Tasks: Finding a one-to-one mapping of biomedical image manipulations with classical definitions of image forgery in computer vision literature is not feasible. To this end, three new tasks are defined in a manner that they are comprehensive and relatable to classical definitions. The three tasks are external duplication detection (EDD), internal duplication detection (IDD) and cut/sharp-transition detection (CSTD). EDD task involves finding duplicated regions across images. IDD task involves finding duplicated regions within images. Finally, the CSTD task involves finding evidence of tampering in images, usually in the form of discontinuities and sharp transitions. There are 1547, 102 and 181 tampered images included for EDD, IDD and CSTD tasks respectively. Samples are shown in Figure 4.
Figure 4. Images showing EDD, IDD and CSTD Manipulations.
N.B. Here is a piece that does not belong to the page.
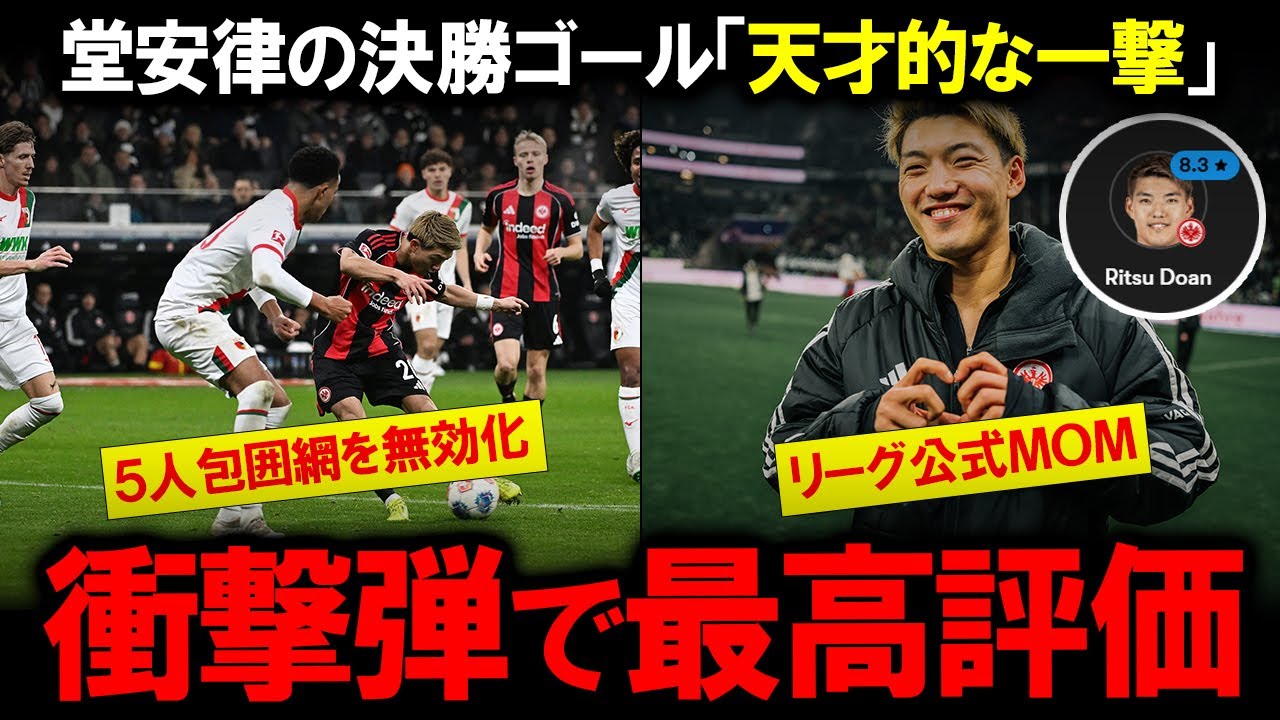 本動画では、ブンデスリーガ第14節フランクフルト対アウクスブルク戦における堂安律選手の活躍を、現地ドイツメディアの報道や監督のコメントを交えて詳細に分析します。

Biomedical vs Natural Image Forensics
The paper further describes four aspects of biomedical image forensics that make it unique and more challenging when compared to traditional natural image forensics problems. These four challenges relate to annotation artifacts, figure semantics, image texture and hard negatives. Presence of scientific annotation such as text, arrows and lines can increase the chances of finding false positives. Figure semantics involves chemical staining of the same image to create similar looking but legitimate variants. Biomedical images in general and blot/gel images in particular have a plain texture which makes it difficult to identify feature descriptors. Finally, hard negative samples refer to visually similar but distinct images.
Experimental Results
The dataset is benchmarked with multiple baselines including both deep-learning and classical methods. Evaluation is done at both the image and pixel level. Matthews correlation coefficient (MCC) scores are reported for each experiment. Table 1 shows the SotA results for each task. Detailed experimental results can be found in the paper.
Analysis | EDD | IDD | CSTD |
Image | 0.278 | 0.569 | 0.170 |
Pixel | 0.324 | 0.364 | 0.080 |
Table 1. SotA results on each of the individual tasks, with MCC metric.
The SotA results in Table 1 for EDD and IDD columns come from classical models for duplicate and forgery detection. One of the reasons for this is the use of coarse image features which obscures the detailed features present in biomedical images. These results highlight the importance of developing deep learning models dedicated to biomedical image forensics.